Continuing advances in computing technology have made distributed numerical modeling of terrain-surface processes an attractive approach for many different applications in the Earth and environmental sciences. Dynamic landscape models are attractive not only for their potential predictive ability, but also for their role as "idea animators" that can simulate the consequences of simple physical rules when iterated over time and space. This paper presents a new hydro-geomorphic modeling system and discusses its application to diverse research problems in landscape evolution, flood forecasting, and archaeological site simulation. We also review some of the prospects and challenges in the future development of terrain modeling systems.
The CHILD model, which has roots in theoretical geomorphology, is a software system designed to model the flow of water and sediment across a topographic surface, and to simulate the resulting changes in the shape of the terrain itself. The model discretizes terrain using a triangulated irregular network (TIN), which has two important advantages: first, the variable spatial resolution capability means that certain landscape features (such as stream channels) can be represented at a locally high resolution; second, computational points can be added or deleted in real time in response to changing spatial variables as the system evolves. A deformable TIN mesh also allows for simulation of tectonic deformation. Several examples are presented which highlight potential applications in geomorphology, including gully erosion and alluvial fan development. The close connection between landscape evolution and the spatial distribution of prehistoric archaeological sites has also motivated the extension of the model to simulate archaeological site distributions in an active floodplain environment; results from this application suggest ways in which archaeological surveys can be "tuned" according to landscape position. Finally, application of the model to real-time flood forecasting illustrates both the potential for "generic" landscape modeling systems as well as some of the challenges that lie ahead.

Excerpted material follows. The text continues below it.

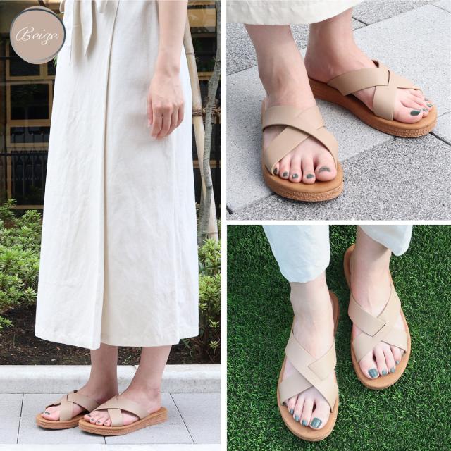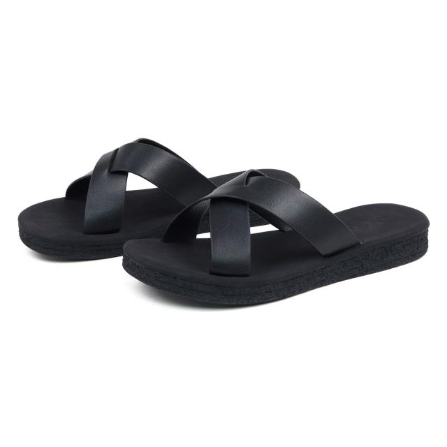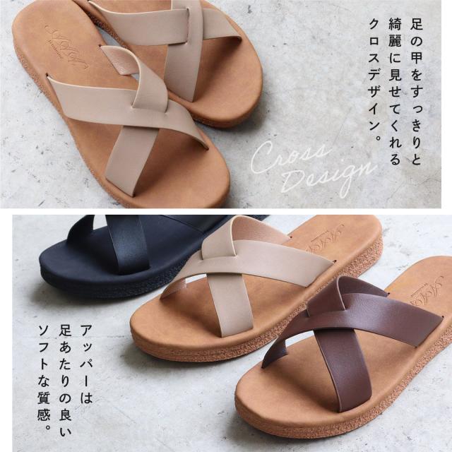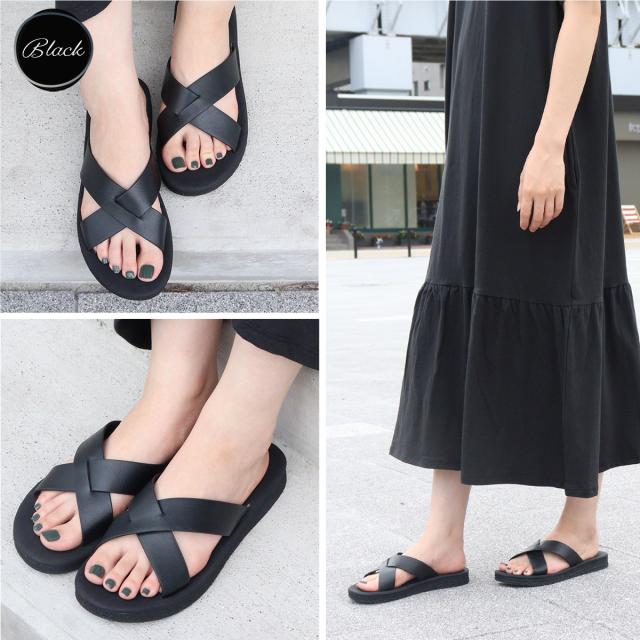 サンダル クロスサンダル ビーサン ビーチサンダル シンプル ぺたんこ おしゃれ 大人 リゾート 歩きやすい 靴 ファッション 1.8cmヒール No.3568 22.5cm〜24.5cm 黒 ブラック AAA+ Feminine

Landscape models vary widely in the processes they represent, from forest fires and floods to mountain range evolution over millions of years. Yet most landscape models also share a number of common computational ingredients, including the discretization of a landscape surface into a set of connected elements, and the computation of fluxes of mass or energy between neighboring elements. As landscape models grow in sophistication, there is an increasing need for generalized modeling systems that, by providing basic spatial and temporal data structures and other capabilities, provide a canvas on which particular process algorithms or hypotheses can be applied. Developing such systems will involve challenges in both software engineering and in issues related to spatial scale, system complexity, and model validation.